-- Problem details --
Return an exact copy of the lines from the one holding "在所有被访对象中,过去一年中" to the end of the data, including both the starting and final lines. Leave the pictures out.
[Opening Listed records section]
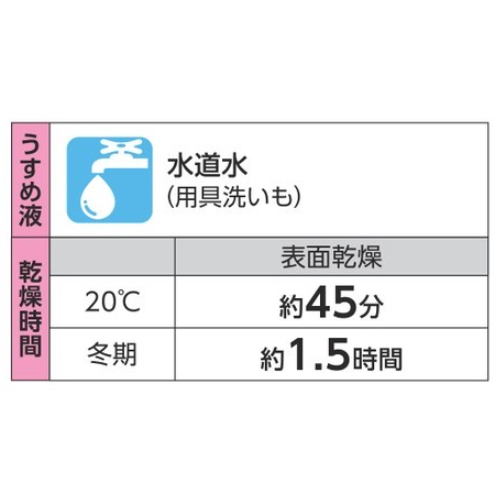 | 容量 | 1kg | 乾燥時間(表面乾燥) | 20℃:約45分 冬期:約1.5時間 |
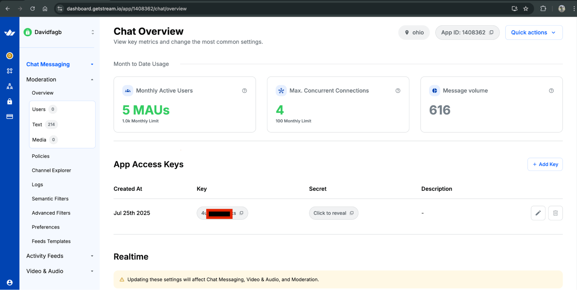 Now that your project is set up, the next step is configuring Stream and enabling the AI moderation features. Create your free account to log in to your Stream dashboard and create a new application. You'll find your API key and secret in the app's settings.
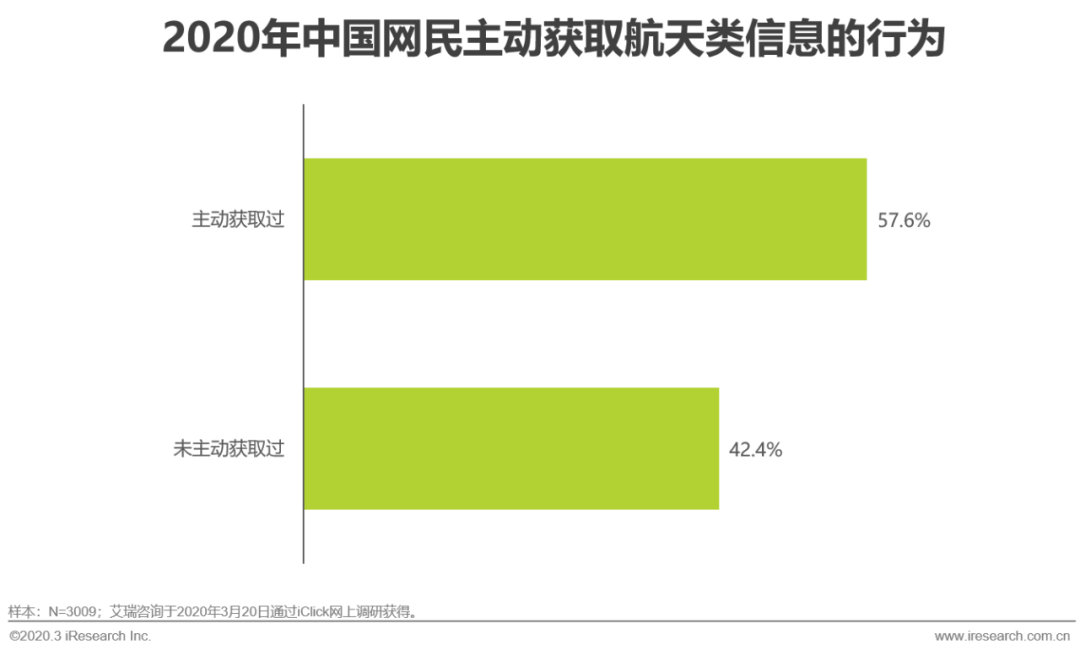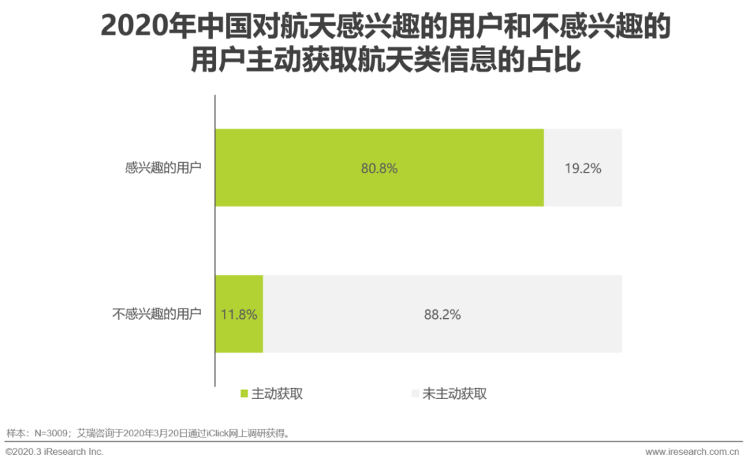 在所有被访对象中,过去一年中主动获取航天类信息的占57.6%,这与全社会对航天的感兴趣程度相吻合。但对于感兴趣和不感兴趣的两类群体而言,其行为差异巨大。在感兴趣的群体中,超过80%的人在过去一年中主动获取过航天类的信息,而不感兴趣的人这一比例仅有11.8%。
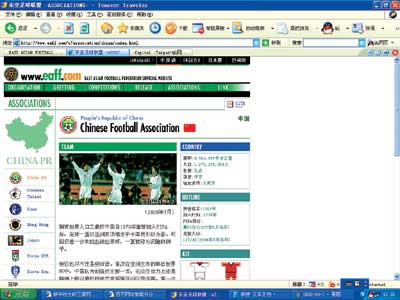 隨著中國(guó)男足、女足國(guó)家隊(duì)征戰(zhàn)東亞四國(guó)足球錦標(biāo)賽,關(guān)于東亞足聯(lián)這樣一個(gè)機(jī)構(gòu)也開始進(jìn)入人們關(guān)注的視線。但讀者劉先生昨天瀏覽東亞足聯(lián)官方網(wǎng)站()的時(shí)候,卻發(fā)現(xiàn):在介紹中國(guó)足協(xié)的頁(yè)面上,中國(guó)地圖上居然沒有臺(tái)灣省。該讀者稱,中國(guó)作為一個(gè)獨(dú)立的主權(quán)國(guó)家,在介紹中國(guó)足協(xié)的網(wǎng)頁(yè)上,中國(guó)地圖上居然漏掉寶島臺(tái)灣!這一點(diǎn)是讓中國(guó)人無(wú)法接受的。
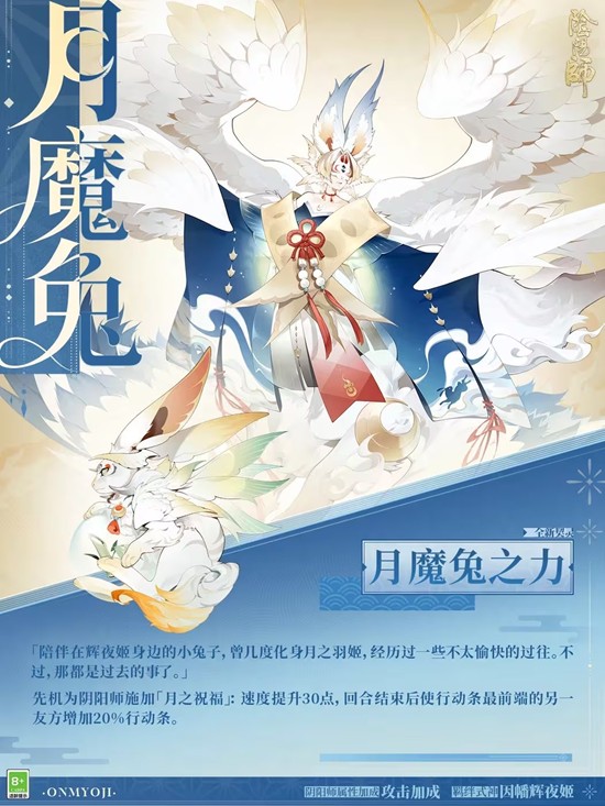 月魔兔是陪伴在辉夜姬身边的小兔子,曾几度化身月之羽姬,经历过一些不太愉快的过往。她的能力包括:
[Closing Listed records section]
-- Output --
 在所有被访对象中,过去一年中主动获取航天类信息的占57.6%,这与全社会对航天的感兴趣程度相吻合。但对于感兴趣和不感兴趣的两类群体而言,其行为差异巨大。在感兴趣的群体中,超过80%的人在过去一年中主动获取过航天类的信息,而不感兴趣的人这一比例仅有11.8%。
 隨著中國(guó)男足、女足國(guó)家隊(duì)征戰(zhàn)東亞四國(guó)足球錦標(biāo)賽,關(guān)于東亞足聯(lián)這樣一個(gè)機(jī)構(gòu)也開始進(jìn)入人們關(guān)注的視線。但讀者劉先生昨天瀏覽東亞足聯(lián)官方網(wǎng)站()的時(shí)候,卻發(fā)現(xiàn):在介紹中國(guó)足協(xié)的頁(yè)面上,中國(guó)地圖上居然沒有臺(tái)灣省。該讀者稱,中國(guó)作為一個(gè)獨(dú)立的主權(quán)國(guó)家,在介紹中國(guó)足協(xié)的網(wǎng)頁(yè)上,中國(guó)地圖上居然漏掉寶島臺(tái)灣!這一點(diǎn)是讓中國(guó)人無(wú)法接受的。
 月魔兔是陪伴在辉夜姬身边的小兔子,曾几度化身月之羽姬,经历过一些不太愉快的过往。她的能力包括:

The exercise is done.